> _Instructions to follow_
Beginning with the line that holds "The following headline" and finishing with the line that holds "Wood frame washing", repeat the listing exactly, leaving every picture out.

> _Entries shown_
- - -

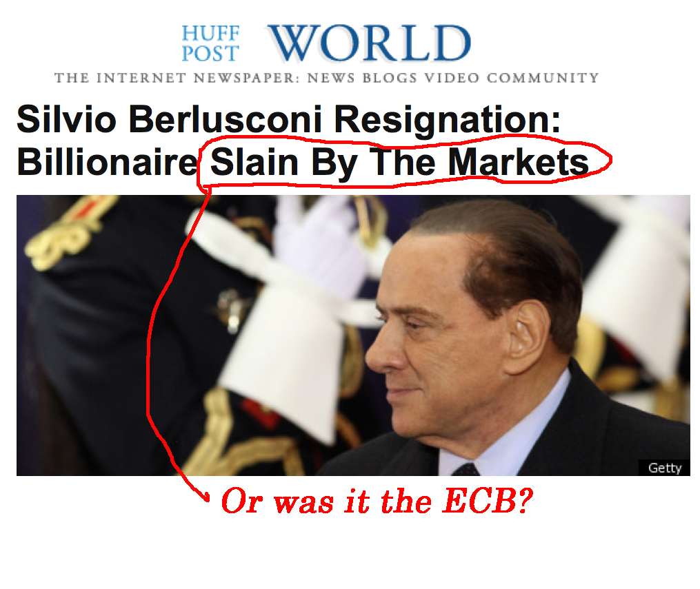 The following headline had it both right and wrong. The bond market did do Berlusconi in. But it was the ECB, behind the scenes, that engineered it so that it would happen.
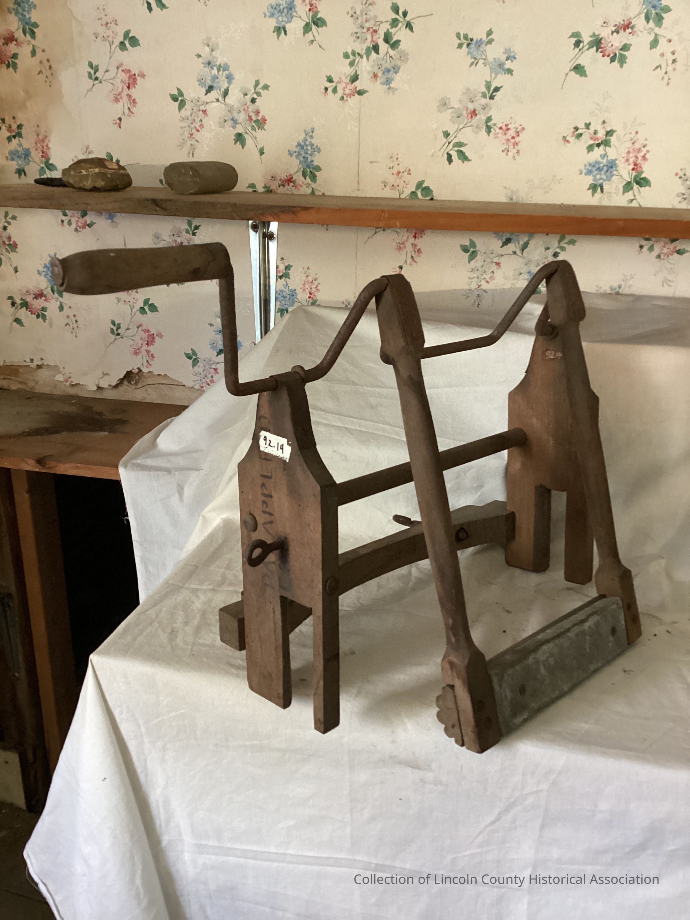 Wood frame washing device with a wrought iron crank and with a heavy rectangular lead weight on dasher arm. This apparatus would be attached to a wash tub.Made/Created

- - -

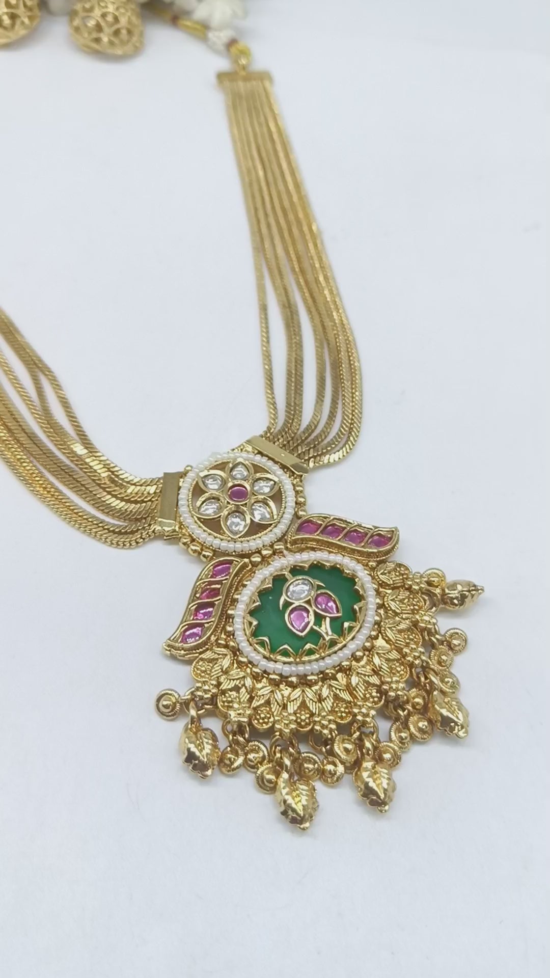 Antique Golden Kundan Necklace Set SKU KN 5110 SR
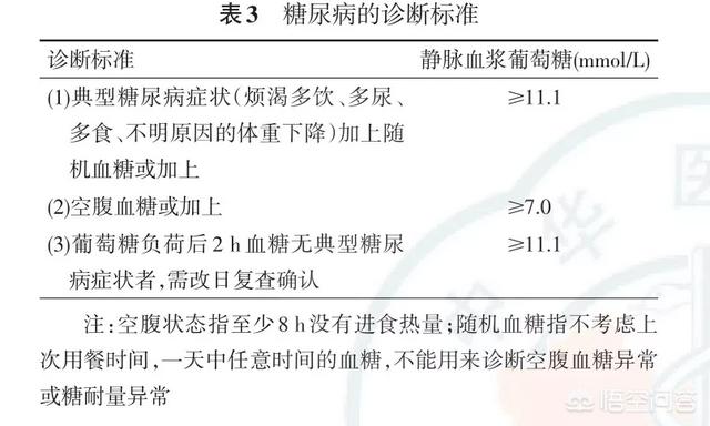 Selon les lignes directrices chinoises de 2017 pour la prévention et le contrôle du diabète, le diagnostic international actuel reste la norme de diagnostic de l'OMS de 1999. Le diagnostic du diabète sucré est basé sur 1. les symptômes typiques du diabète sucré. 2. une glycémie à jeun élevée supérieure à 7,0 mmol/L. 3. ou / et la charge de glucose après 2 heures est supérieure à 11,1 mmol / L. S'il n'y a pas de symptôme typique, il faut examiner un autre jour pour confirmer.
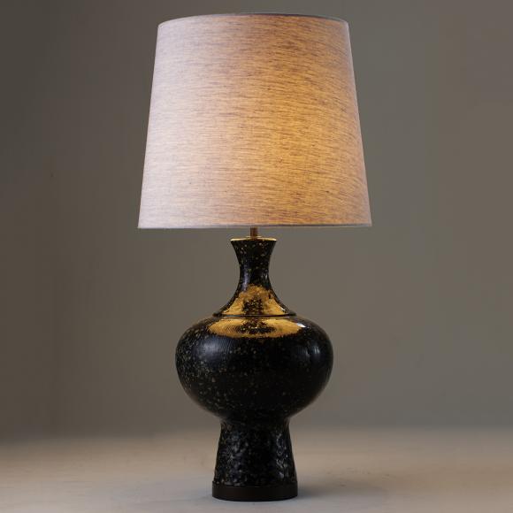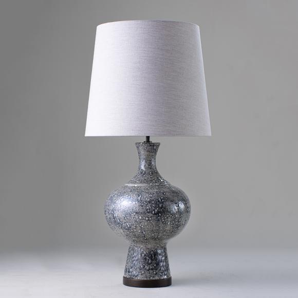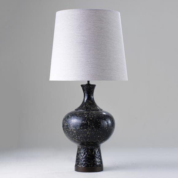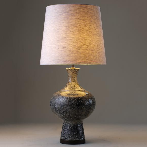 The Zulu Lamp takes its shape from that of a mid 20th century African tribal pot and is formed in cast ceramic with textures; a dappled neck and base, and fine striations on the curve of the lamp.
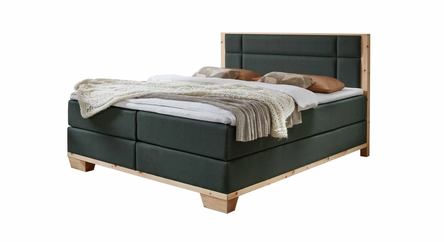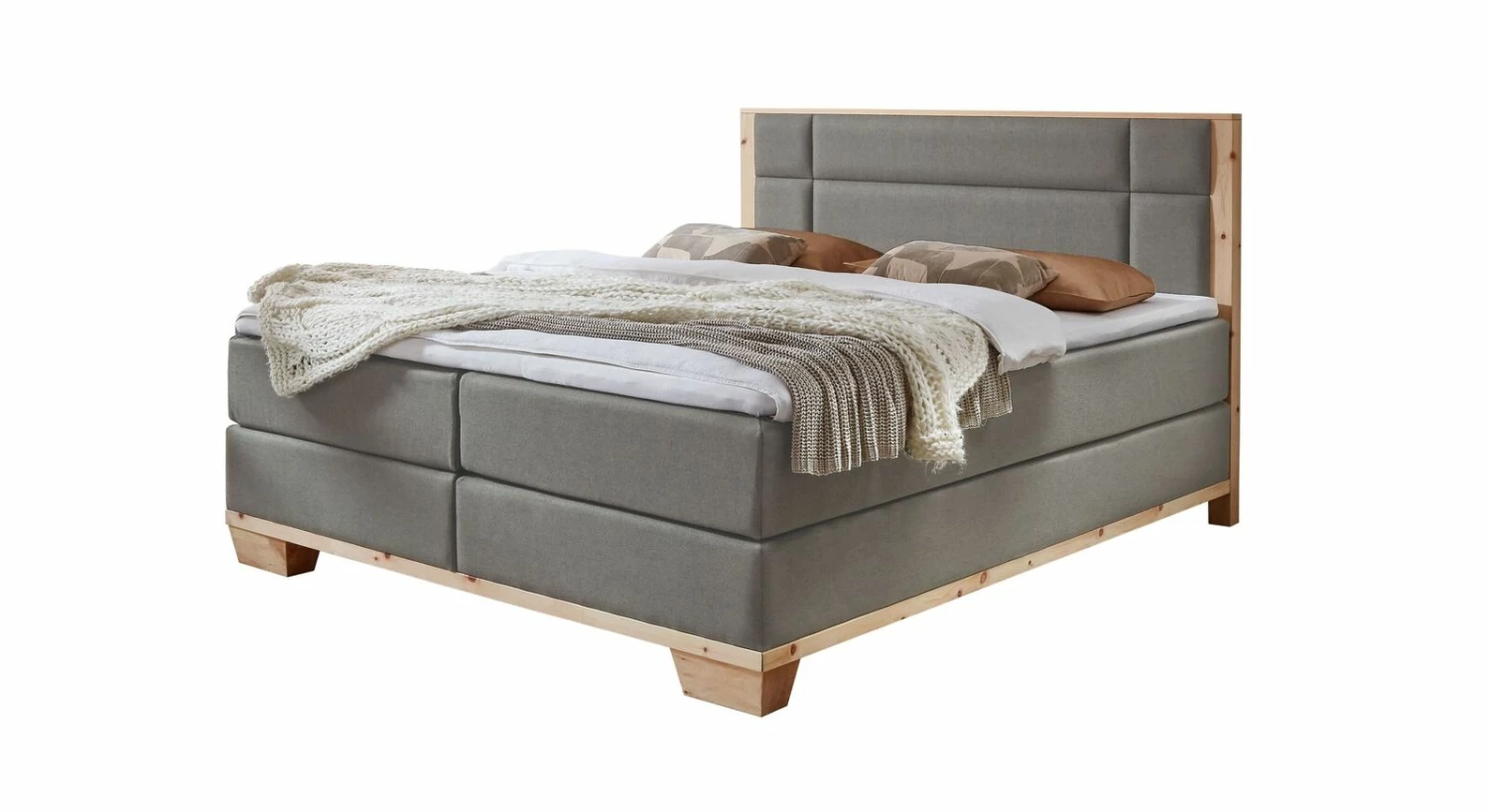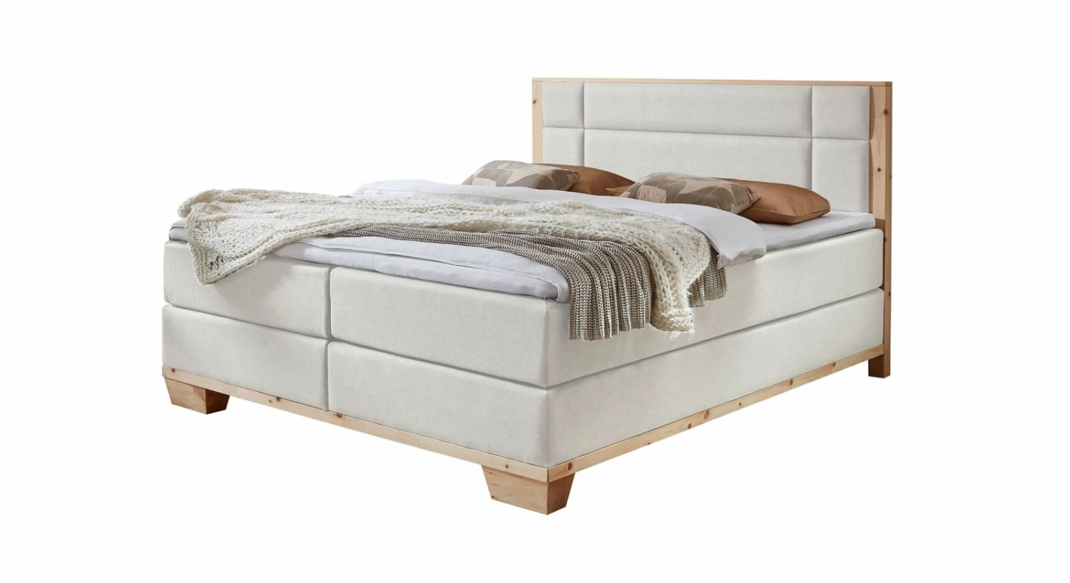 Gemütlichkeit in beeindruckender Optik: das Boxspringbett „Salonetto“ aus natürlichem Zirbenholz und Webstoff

- - -

> _Solution for this task_
 The following headline had it both right and wrong. The bond market did do Berlusconi in. But it was the ECB, behind the scenes, that engineered it so that it would happen.
 Wood frame washing device with a wrought iron crank and with a heavy rectangular lead weight on dasher arm. This apparatus would be attached to a wash tub.Made/Created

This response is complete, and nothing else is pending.